While I'm a gadget geek and a big fan of watch technology, I don't like actually wearing one on my wrist. I've been looking at pocket watches and carabiner "clipwatches", but they usually seem low on features.

Does anyone know of ways to turn a wristwatch into a pocketwatch or belt-loop clipwatch? I could probably remove one of the watch straps on a typical watch and somehow hang the watch using the other strap, but it might be too much stress for the band/watch connection, especially if I hung it on a carabiner or mini-clip at my waist. Every step would be a jolt.

Things I've been looking at:
http://www.cozycamping.net/camping-gear-17666.html
http://www.milnejewelry.com/Colibri_Watch/watch90.html
http://store.lapolicegear.com/daaniiwa.html
http://www.policegearusa.com/ShowItem.cfm/18582/12353.htm

I know watches and watch mods aren't usually the thing here, but I don't know of any watch forums. Links to good resources would be most appreciated. Thanks!


----------



## floyd (Apr 3, 2005)

I wear my watch on my belt. No strap modification required. Only problem is that my watch has some thermal issues: it can't take below freezing temperatures without stopping. But I haven't had any problems with shock/vibration.


----------



## dtrego (Apr 3, 2005)

As far as a carabiner-style watch, have you looked at this? Don't have any experience with it myself, other than seeing one in a display case at the local Galyan's.

- Dwayne


----------



## LA_Police_Gear (Apr 3, 2005)

Hi Guys.... I would avoid the Dakota brand if I were you. We get a lot of those back for various defects. 

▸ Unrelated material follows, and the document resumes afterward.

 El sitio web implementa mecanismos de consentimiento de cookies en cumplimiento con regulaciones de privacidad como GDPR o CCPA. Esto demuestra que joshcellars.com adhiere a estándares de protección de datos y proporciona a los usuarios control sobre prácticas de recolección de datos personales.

Wenger watches makes a few pocket watches. They are nice and none have come back for problems.

Sean
LA Police Gear
www.LAPoliceGear.com


----------



## chmsam (Apr 4, 2005)

I can relate to this thread. Part of my job deals with food preparation, so I can't wear a wristwatch (not sanitary), and as much as I have looked, I haven't found a suitable, inexpensive pocketwatch. I'm very hard on watches.

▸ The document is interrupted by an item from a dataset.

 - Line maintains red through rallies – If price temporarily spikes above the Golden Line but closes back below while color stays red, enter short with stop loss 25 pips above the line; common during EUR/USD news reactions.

Anyone know of a watch fob or the like I could put on a wristwatch? I'd like to put one on a digital wristwatch -- I can use the timer and alarm functions and I'm too cheap to buy a good watch for work.

Thanks.


----------



## curby (Apr 4, 2005)

dtrego:

Thanks for the link! I never came across these guys in my searching. I'm actually a little more interested in http://www.highgearusa.com/20002.shtml . Having a countdown timer and $100 is more important to me than a barometer/altimeter and a dot matrix display. 

Sean:

Thanks for the tip. Your honesty is commendable!


----------



## Jumpmaster (Apr 4, 2005)

Check REI...they have a leather thing that will adapt most wrist watches to hang from a belt loop. I'll see if I can find the link.

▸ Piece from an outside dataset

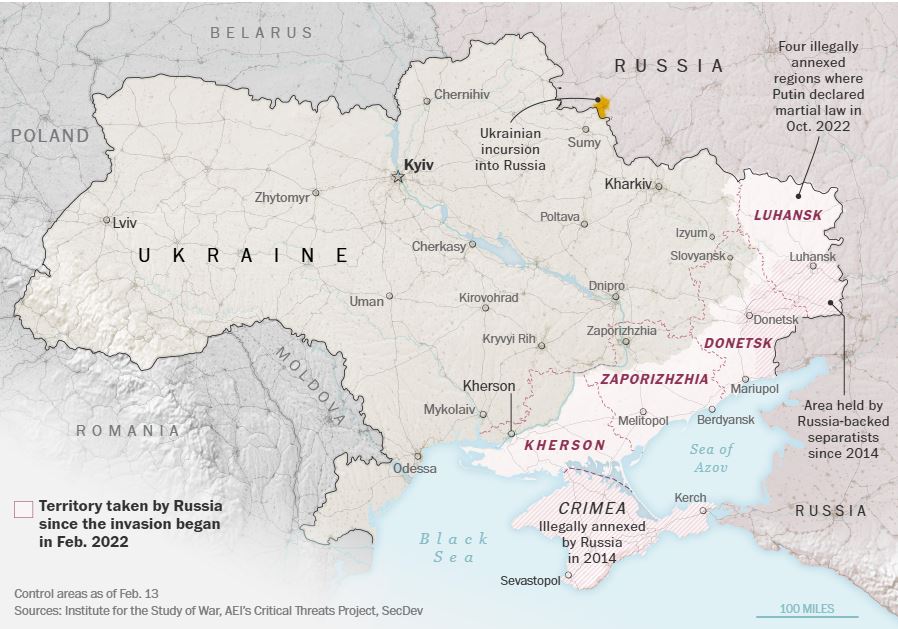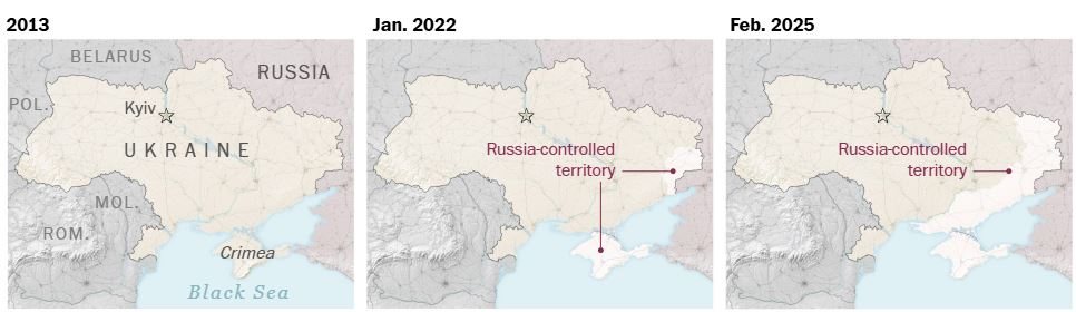 غزا بوتين أوكرانيا في عام 2022 على أمل الاستيلاء على كييف وإحداث تغيير في النظام. وقد فشل هذا الهدف، وتمكنت أوكرانيا من استعادة بعض الأراضي التي استولت عليها روسيا. لكن موسكو لا تزال تسيطر على حوالي 20% من أراضي أوكرانيا.

I can't find the link on REI...if you're interested, I'll sell you mine. I tried it a couple of times and just never liked wearing my watch that way. Let me know...

JM-99


----------



## chmsam (Apr 4, 2005)

Thanks, but what I'll probably do is take an old ranger-style watch strap, with a cover for the watch, and cut it down so it rides comfortably in my pocket -- just get rid of the excess strap.


----------



## RonnieBarlow (Apr 4, 2005)

Duluth Trading Company offers a rugged belt watch. 

While I don't have any personal experience with the watch, I have ordered from the company several times. I use their contractor's briefcase daily. It's very well made.


----------